I was amazed last friday. I had hobbled up to quennevais to my appointment at the opticians and lo and behold right in front of me was one of the country's most famous entrepreneurs, no doubt getting a bit of kitesurfing in before doing the channel for his 60th.
Although someway off, I could not be in any way mistaken. The rose coloured hippy specs, the small goatee beard, blondish salt & pepper hair falling out from below the famous straw hat, flip flops, designer jeans, flashy smile, o'brien shirt and shoulder bag. Nothing at all was going to stop me from at least saying "hi" to one of life's great heros. I was really excited but not in a Razzy mancrush sort of way. We had actually corresponded in the '70s when I was at College and he was setting up Virgin in the NME.
Having recently hurt my leg I couldn't keep up but was quietly pleased to see him dive into the party shop. At least I thought I would catch up with him when he came out (of the shop that is).

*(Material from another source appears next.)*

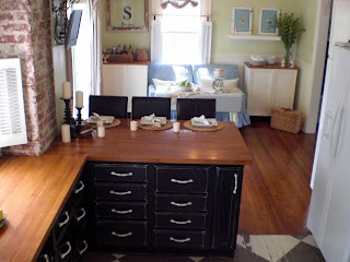 You have great style. Love your attention to detail...cork pulls in the kitchen. I also love those curtains in the room with the blue tv cabinet. Care to share how you made them? Are they dropcloths?

I waited a moment until he came out, well! Talk about disapointment!, closer up, the yellowing uncut toenails, jeans with a patch on them, the flip flops turned up at the back and worn to each side, the shirt was a cheap copy, the shoulder bag definately car boot, but worst of all the rose coloured Hippy specs were actually thick gold rimmed Aviators! My final clue was the Laithewaites wine gut, less of a sixpack and more of a party eight. Holy sh!t I though! Elvis has been reserected!, closer inspection led to greater disapointment, the shrugging pidgeon shoulders and piggy eyes were the final giveaway!
I'd just remembered two things, first, that Mike Vibert still lives around here somewhere and secondly, I was late for my opticians appointment!!